▶ [Supplied material]
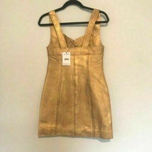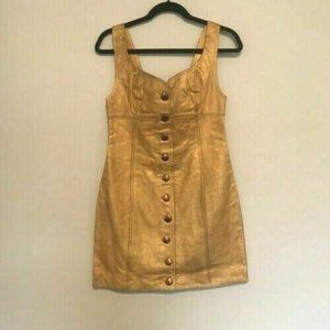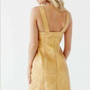 New! Free People Dress Goldie Mini Genuine Leather Button Front Reatail $300 Washed leather mini dress featuring bronzed button closures down the front.
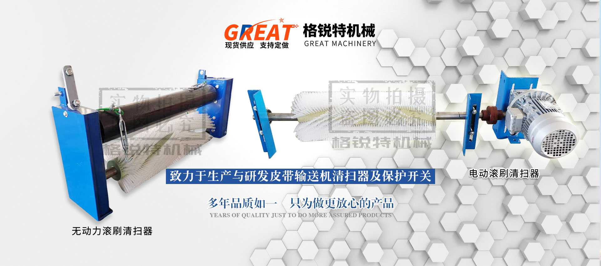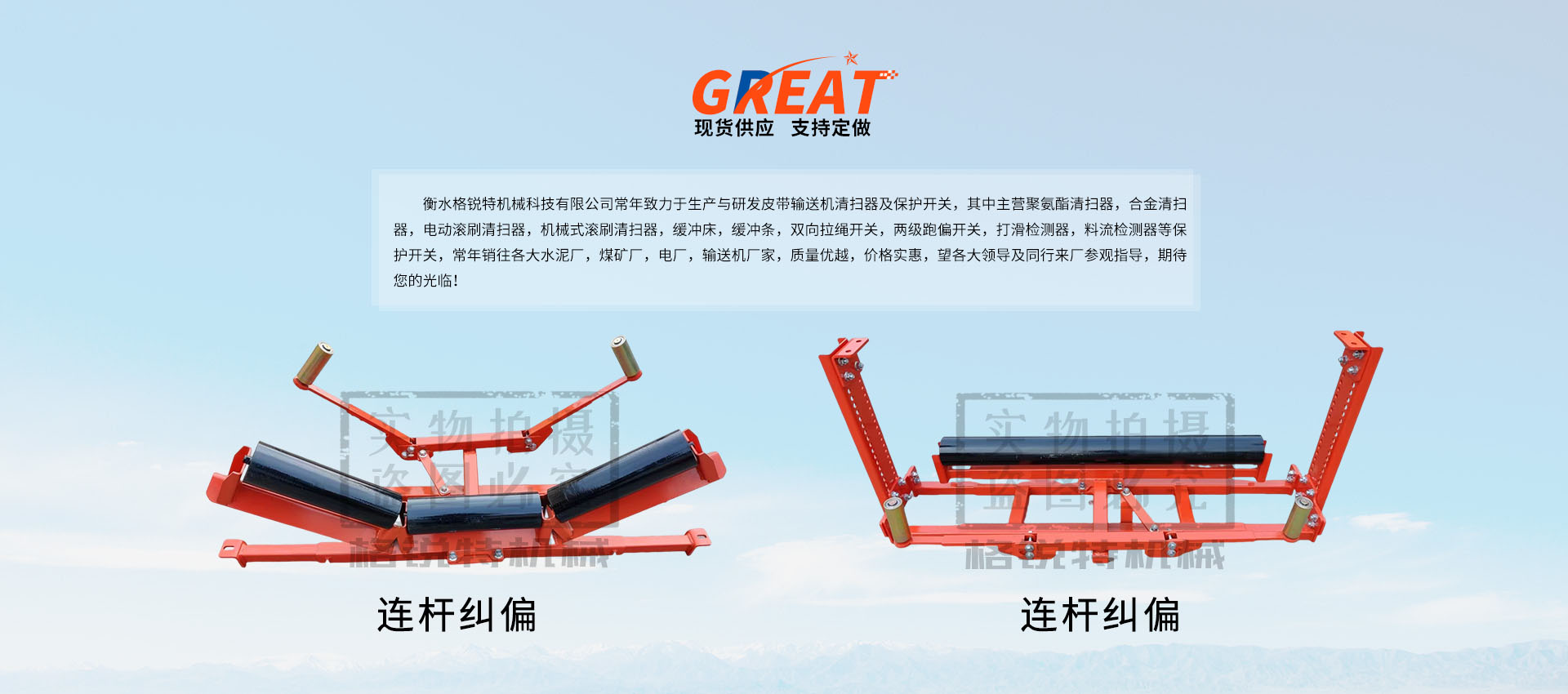衡水格銳特機械科技有限公司常年致力于生產與研發皮帶輸送機清掃器及保護開關,其中主營聚氨酯清掃器,合金清掃器,電動滾刷清掃器,機械式滾刷清掃器,緩沖床,緩沖條,雙向拉繩開關,兩級跑偏開關,打滑檢測器,料流檢測器等保護開關,常年銷往各大水泥廠,煤礦廠,電廠,輸送機廠家,質量優越,價格實惠,望各大領導及同行來廠參觀指導,期待您的光臨!??!
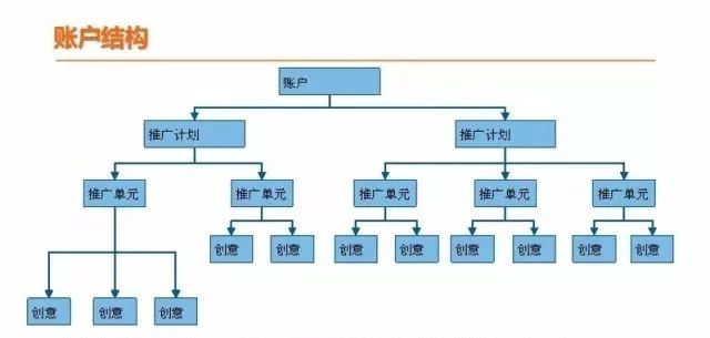 百度的账户结构可按照4个层级进行划分,由上至下分别为:账户层级、推广计划、推广单元,单元下面包含关键词和推广创意。
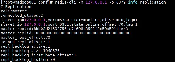 可以使用 info replication 命令查看 Redis 复制集的状态,此时输出如下。可以看到 6379 节点为 master 节点,并且有两个从节点,分别为 slave0 和 slave1,对应的端口为 6380 和 6381:
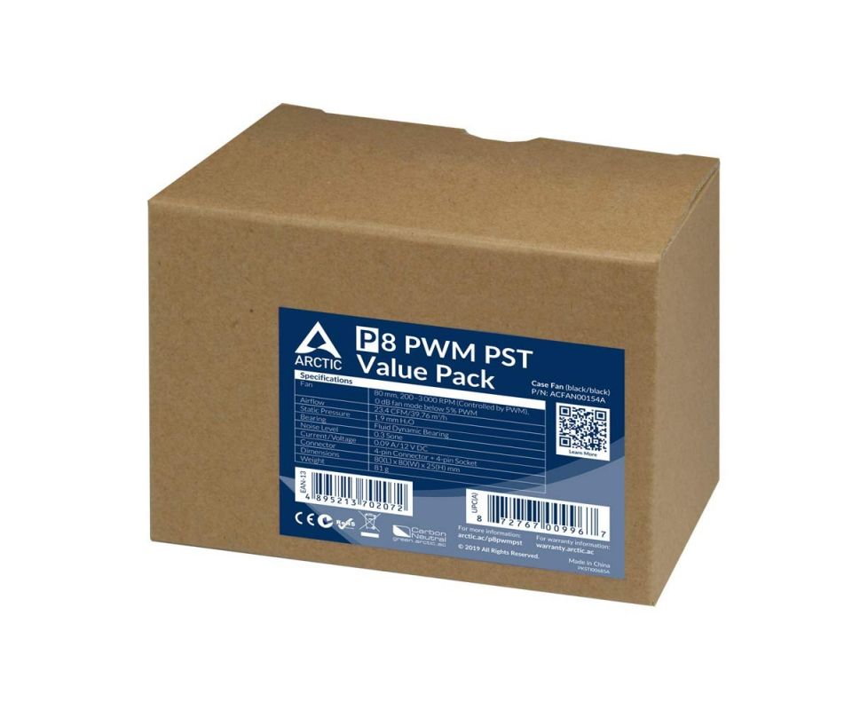 Вентилятор ARCTIC P8 PWM PST (ACFAN00154A) Value Pack (Black/Black) - retail
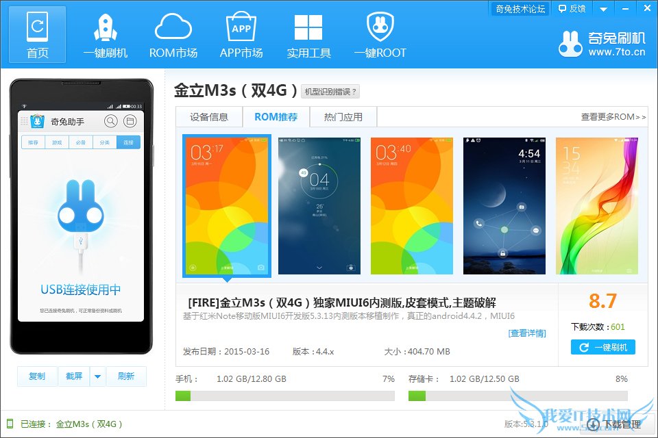 金立M3s(双4G)一键刷机图文教程至此结束, 如果您不喜欢当前这个系统,可以换个别的刷,奇兔刷机ROM市场有丰富的ROM任你挑选,相信大家已经掌握了奇兔刷机的使用方法,马上下载奇兔刷机(下载请戳:http://www.7to.cn/),体验金立M3s(双4G)一键刷机的乐趣吧!
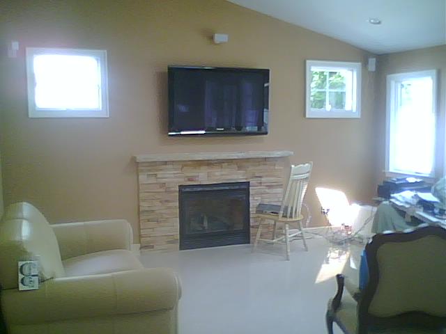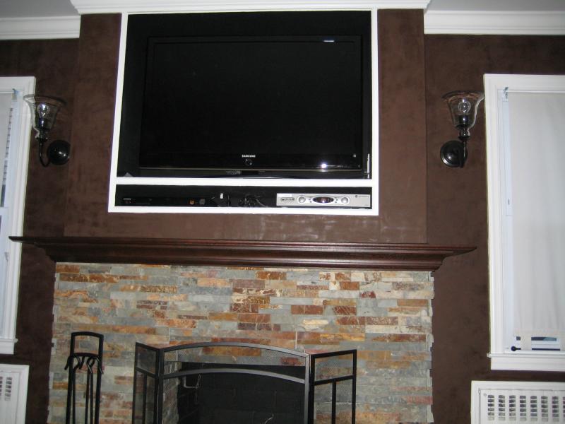 This customer wanted their fireplace remodeled after viewing an HGTV show where they built a Flat Screen recessed area above the Fireplace. We reconfigured the fireplace and built the customers dream fireplace and TV/consol area. New crown moulding around the ceiling finishes off the room!

▶ [Instructions for the task] Transcribe all data precisely. Pictures are not copied.

▶ [Result for this task]
 New! Free People Dress Goldie Mini Genuine Leather Button Front Reatail $300 Washed leather mini dress featuring bronzed button closures down the front.
衡水格銳特機械科技有限公司常年致力于生產與研發皮帶輸送機清掃器及保護開關,其中主營聚氨酯清掃器,合金清掃器,電動滾刷清掃器,機械式滾刷清掃器,緩沖床,緩沖條,雙向拉繩開關,兩級跑偏開關,打滑檢測器,料流檢測器等保護開關,常年銷往各大水泥廠,煤礦廠,電廠,輸送機廠家,質量優越,價格實惠,望各大領導及同行來廠參觀指導,期待您的光臨!??!
 百度的账户结构可按照4个层级进行划分,由上至下分别为:账户层级、推广计划、推广单元,单元下面包含关键词和推广创意。
 可以使用 info replication 命令查看 Redis 复制集的状态,此时输出如下。可以看到 6379 节点为 master 节点,并且有两个从节点,分别为 slave0 和 slave1,对应的端口为 6380 和 6381:
 Вентилятор ARCTIC P8 PWM PST (ACFAN00154A) Value Pack (Black/Black) - retail
 金立M3s(双4G)一键刷机图文教程至此结束, 如果您不喜欢当前这个系统,可以换个别的刷,奇兔刷机ROM市场有丰富的ROM任你挑选,相信大家已经掌握了奇兔刷机的使用方法,马上下载奇兔刷机(下载请戳:http://www.7to.cn/),体验金立M3s(双4G)一键刷机的乐趣吧!
 This customer wanted their fireplace remodeled after viewing an HGTV show where they built a Flat Screen recessed area above the Fireplace. We reconfigured the fireplace and built the customers dream fireplace and TV/consol area. New crown moulding around the ceiling finishes off the room!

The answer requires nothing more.